View Single Post
Old July 16, 2013, 09:04 AM   #38
Jimro
Senior Member
 
Join Date: October 18, 2006
Posts: 7,097
Brian, Picher,

I'm talking about national sales. Brian's experience with his local hunting scene suffers from the "small sample size" fallacy. As does "most successful hunters in Maine" which is but one of 50 states.

Notice that 30-06 is also in the top 5, as is the 7mm Rem Mag and 308 Win. The point being that you have a wide range of velocities, and none are particularly "more accurate" than any other.

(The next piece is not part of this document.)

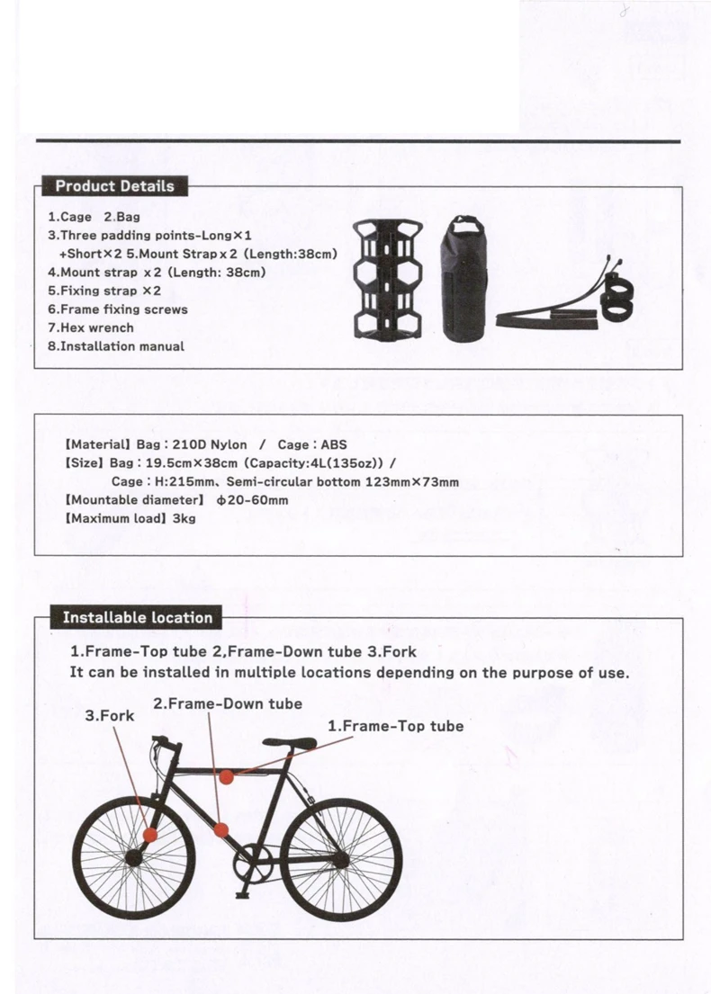 One Bag is Multi-Purpose, Creative and Multi-Functional. The Position of the Bag Can Be Changed According to the Riding needs, the Frame/Front fork/as a Water Bottle Holder.

I use the 30-30 as a referrence because it has "sedate" ballistics and yet remains very popular as witnessed by ammunition and reloading die sales. That literally millions upon millions of 30-30s are out there gives it plenty of institutional inertia, something rare for a civilian sporting cartridge.

Allow me to put this another way:

Muzzle velocity is affected by bore time. Longer barrels have longer bore times but also produce higher velocity. So, does muzzle velocity make up for the fact that the longer barrel gives the shooter more time to screw up the shot?

You can do this experiment with a 28" 308 and a 18" 308 and look for any sort of "accuracy gained from field positions" all you like, but you will not find it, even though the extra 10 inches of barrel can give over 200 fps advantage. The velocity advantage goes to the barrel with longer bore time, but the argument that high velocity cartridges have lower bore time is what Picher made.

So what is it? Higher velocity or shorter bore time? If it is shorter bore time, then clearly you want the shortest barrel that you can legally own. If it is highest velocity you want the longest barrel you can get.

Jimro
__________________
Machine guns are awesome until you have to carry one.